As a general matter, a recipient of a break-up fee will often prefer that the receipt of such fee be treated as giving rise to capital gain rather than ordinary income. For non-corporate taxpayers, capital gains attract a preferential rate of tax (currently 20%). While corporate taxpayers do not currently benefit from preferential rates of tax on capital gains, a corporate recipient of a break-up fee may nevertheless prefer capital gains treatment if such recipient has capital losses. In addition, a foreign recipient of a break-up fee from a U.S. payor generally would not be subject to withholding tax if that fee is treated as capital, but may be subject to withholding tax if the fee is treated as ordinary.

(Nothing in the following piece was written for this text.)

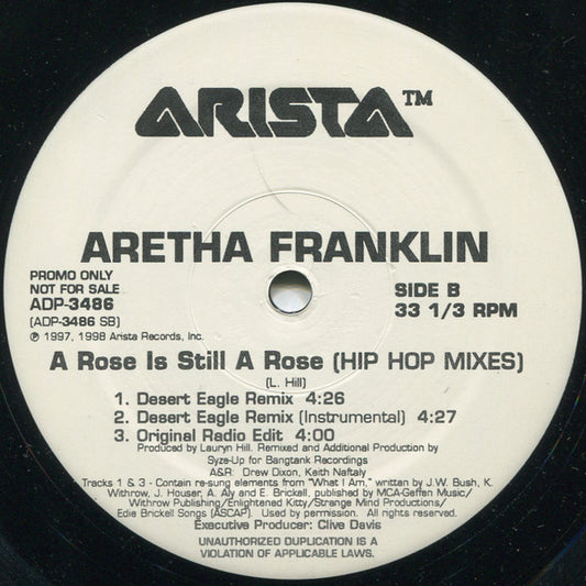 Aretha Franklin - A Rose Is Still A Rose (Hip Hop Mixes) (12", Promo) (Very Good Plus (VG+))

Conversely, a party required to pay a break-up fee in connection with a failed transaction generally will prefer such payment to result in an ordinary loss for tax purposes. This is because ordinary losses can be used to offset both ordinary income as well as capital gain.

Recent Memoranda

Last fall, the IRS released two internal memoranda regarding the tax treatment of break-up fees in the context of an M&A transaction. The first memorandum (FAA 20163701F), released in September 2016, involves a terminated inversion transaction in which a merger partner’s board of directors withdrew its shareholder recommendation for the transaction. As a result, the transaction was terminated and the merger partner was required to pay a break-up fee to the target company. The IRS concludes in the memorandum that the payment of the break-up fee resulted in a capital loss to the recipient pursuant to Section 1234A of the Code.

The second internal memorandum publicly released by the IRS in October 2016 (CCA 201642035) similarly concluded that the receipt of a break-up fee by a buyer in a merger transaction resulted in a capital gain to the buyer pursuant to Section 1234A rather than ordinary income. The break-up fee described in this second memorandum was triggered when a public company target received a superior purchase offer from a third party and terminated the merger agreement with the buyer to pursue a transaction with the third party.

Under Section 1234A, gain or loss that is attributable to the cancellation, lapse, expiration or other termination of a right or obligation with respect to property which is (or would be) a capital asset in the hands of the relevant taxpayer generally is treated as a capital gain or loss. In each of the memoranda, the IRS concluded that the applicable break-up fee was payable in connection with the termination of rights with respect to a target company’s stock, which would have been a capital asset in the hands of the applicable buyer. Therefore, from the buyer’s perspective, the IRS determined that the tax character of the break-up fee was capital in nature,

Prior IRS Analysis

The recent memoranda reach a contrary conclusion to that reached by the IRS in an earlier 2004 internal memorandum as well as a 2008 private letter ruling. In the earlier releases, the IRS concluded that the receipt by a buyer of a termination fee in a failed M&A transaction resulted in ordinary income for the buyer, in one release specifically ruling that Section 1234A did not apply to the transaction, which is inconsistent with current IRS thinking. This inconsistency is specifically acknowledged by the IRS in CCA 201642305.

Final Thoughts

The memoranda recently made public by the IRS provide some clarity for buyers in stock acquisitions that payment or receipt of a break-up fee can be treated as capital gains rather than ordinary income. However, there are still a number of questions facing buyers and sellers in this area. For instance, the memoranda do not address the taxation of the target or sellers. While one might think that sellers and buyers should be treated the same in these circumstances, this parity isn’t certain and there are some arguments for treating sellers differently. Moreover, the memoranda do not address the buyer’s treatment in certain transactions, such as when the acquired assets are not capital assets in their entirety. While we do not believe that the documents recently released by the IRS are likely to impact broader market practice with respect to break-up fees, these documents serve as a reminder that parties to an M&A transaction that includes a break-up fee should factor in the potential tax impact of any such fee when evaluating the transaction.